The BIG NEWS on the sewing and quilting front is…..(wait for it)……I bought a new sewing machine!!! After quilting five quilts in row this year, I really believed that I was pushing my old sewing machine to its limits. My Euro-Pro 9106 has served me very well in the six years I’ve owned it.
In the process of quilting "Triangle Trips" earlier this year.
But I longed for a machine with a wider throat space and that could accommodate high-speed stitching (which I’ve done on my machine but was not sure that it was meant for it since towards the end it seemed to struggle a bit). Of course I’ve viewed and sampled long-arm machines at quilt shows but I live in an apartment and although we have plans to move to a bigger unit, I still won’t have the space to accommodate one. So I started looking into mid-arms and dedicated straight stitch machines, thinking I could buy one to supplement my Euro-Pro.

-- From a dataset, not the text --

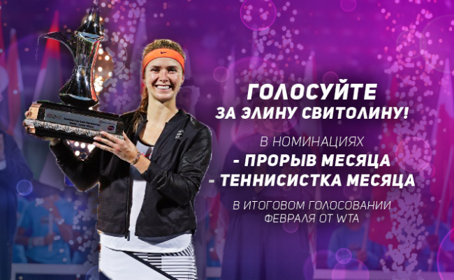 На победу в двух из трёх представленных номинаций претендует первая ракетка Украины Элина Свитолина. Голосование, напомним, проводится среди болельщиков на официальном сайте WTA.

Then I saw an ad for IT that really peaked my interest. IT had all the features I wanted now, some I had always wished mine had and some that were things I always wanted. Then I remembered that there had been a dealer of ITs brand at the last quilt show I went to and found they weren’t too far from me and thought I’d go take look at IT. That look quickly turned into a purchase and I welcomed home my new……Janome Horizon 7700!
I can’t say that I had planned to make this big a purchase this soon but I am happy I did (and the decision was supported by my DH!). I got the throat space and the stitch speed I wanted but also got an extremely well lit sewing surface, automatic thread cutter, knee lift, a built-in even feed system, three different kinds of free motion/darning feet (closed, open and "big foot") and a full array of other accessory feet, more decorative stitches than in my old machine, and a monogramming function!
I’ve been able to spend time this summer getting to know it. There was no learning curve at all, in fact Joann, the owner of the Nimble Thimble in Port Chester, NY where I bought it, said I was entitled to in-store lessons on how to use the machine but I’ve got to tell you – after trying the machine at the store under the guidance of the store staff, watching some on-line videos just before I bought it, watching the same videos at home on the DVD that comes with the machine and then just sitting down with the manual and some projects and using it, additional lessons were really unnecessary. The machine is fairly intuitive to use (if you have been sewing for any amount of time and are familiar with computerized sewing machines).
Needless to say I am loving it and very happy with it and am now really excited about eventually getting what was originally planned to have been my next big equipment purchase – a Koala cabinet. Fortunately the Nimble Thimble is also a dealer for that so if we ever (ever, ever?) get called for the bigger unit we’ve applied for (the wait is three to six years and this year made three years), it will be the first (I’m not kidding!) furniture purchase I will make for the new space.